* **Work to complete**
None of the pictures should be copied, though every line of the listing must be printed exactly.

* **Dataset extract**
----------------

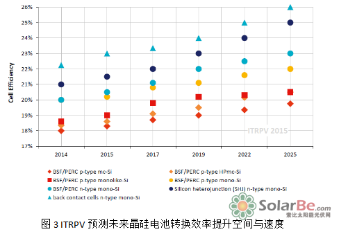 ITRPV也同样做出权威预测,未来晶硅电池转换效率提升空间与速度较大的电池主要集中在背接触、HIT以及PERC单晶电池上,多晶以及类单晶的电池转换效率提升将遭遇瓶颈,提升空间有限。2025年,单晶电池最高转换效率有望比多晶电池效率绝对值高出6%,每瓦系统可变成本将下降30-40%左右。
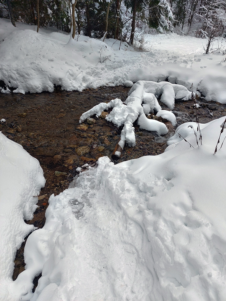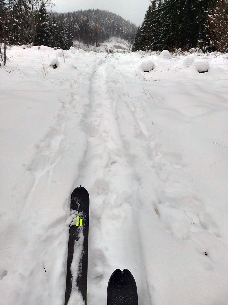 Prvá improvizácia hneď na chodníku do Hrabova: normálne by sa to dalo na pásoch, aj v lese snehu dosť a pekne utlačeného. Skoro nič netrčalo, aj tie prechody cez pramienky vysnežené – takto začiatkom zimy som to ešte nezažil, dobre to začína! Ale keď už boli lyže na batohu, neriešil som, aj tak bude treba prenášať cez parkovisko. Len som si zafixoval, že ak by som cestou nazad náhodou nestíhal ku vlaku, môžem sa tu zrýchliť.
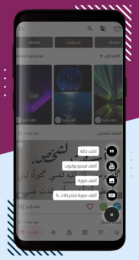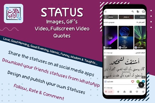 You can easily create your own statuses through our app and share them with your friends on WhatsApp and other apps, choose the font, the color and immediately share it as a picture or upload it to the application to share with users. You can also add ready-made images, GIFs and Youtube links.
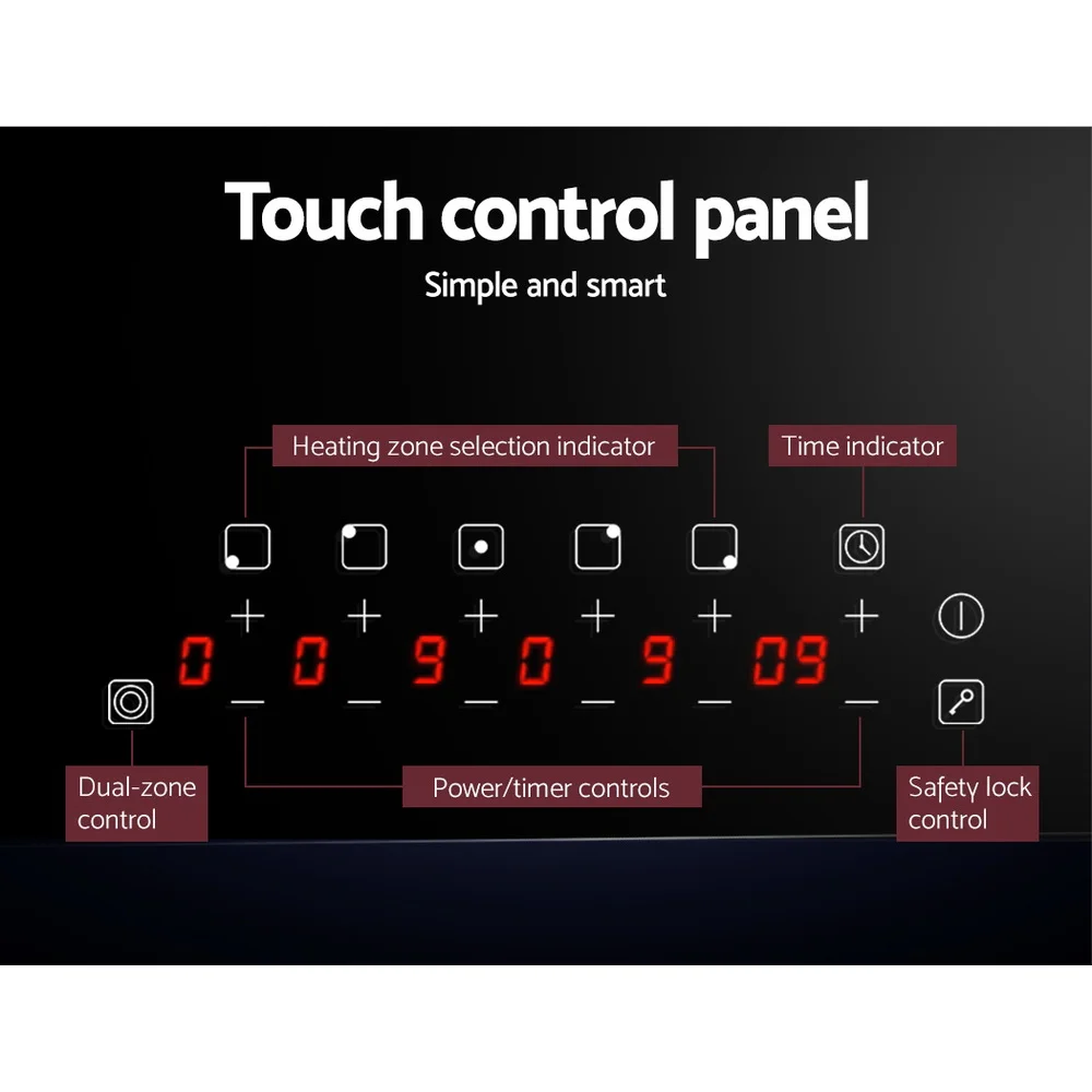 Whether it is for your existing or new home, our Devanti 90cm Ceramic Cooktop is just the thing you need for easy, no-fuss cooking. Loaded with an extensive list of chef-friendly features such as high wattage cooking zones, touch control and LED display panel, independent 99-min timers, overheat protection and efficient heat dissipation, this cooktop is also incredibly sleek with its high-grade black ceramic glass plate. It features six cooking zones (or five including one dual-ring) with nine power levels to choose from to prepare that perfect dish. Plus, the residual heat indicator also helps to tell when it is safe to touch the cooktop after turning the hot plates off. Better still, the cooktop will turn itself off when temperatures get excessively high or you simply forget to turn it off after your cooking. Powerful and yet integrally safe, the cooktop promises many moments of hassle-free delicious cooking with the right blend of sophistication and class for your kitchen.

----------------

* **Answer area**
 ITRPV也同样做出权威预测,未来晶硅电池转换效率提升空间与速度较大的电池主要集中在背接触、HIT以及PERC单晶电池上,多晶以及类单晶的电池转换效率提升将遭遇瓶颈,提升空间有限。2025年,单晶电池最高转换效率有望比多晶电池效率绝对值高出6%,每瓦系统可变成本将下降30-40%左右。
 Prvá improvizácia hneď na chodníku do Hrabova: normálne by sa to dalo na pásoch, aj v lese snehu dosť a pekne utlačeného. Skoro nič netrčalo, aj tie prechody cez pramienky vysnežené – takto začiatkom zimy som to ešte nezažil, dobre to začína! Ale keď už boli lyže na batohu, neriešil som, aj tak bude treba prenášať cez parkovisko. Len som si zafixoval, že ak by som cestou nazad náhodou nestíhal ku vlaku, môžem sa tu zrýchliť.
 You can easily create your own statuses through our app and share them with your friends on WhatsApp and other apps, choose the font, the color and immediately share it as a picture or upload it to the application to share with users. You can also add ready-made images, GIFs and Youtube links.
 Whether it is for your existing or new home, our Devanti 90cm Ceramic Cooktop is just the thing you need for easy, no-fuss cooking. Loaded with an extensive list of chef-friendly features such as high wattage cooking zones, touch control and LED display panel, independent 99-min timers, overheat protection and efficient heat dissipation, this cooktop is also incredibly sleek with its high-grade black ceramic glass plate. It features six cooking zones (or five including one dual-ring) with nine power levels to choose from to prepare that perfect dish. Plus, the residual heat indicator also helps to tell when it is safe to touch the cooktop after turning the hot plates off. Better still, the cooktop will turn itself off when temperatures get excessively high or you simply forget to turn it off after your cooking. Powerful and yet integrally safe, the cooktop promises many moments of hassle-free delicious cooking with the right blend of sophistication and class for your kitchen.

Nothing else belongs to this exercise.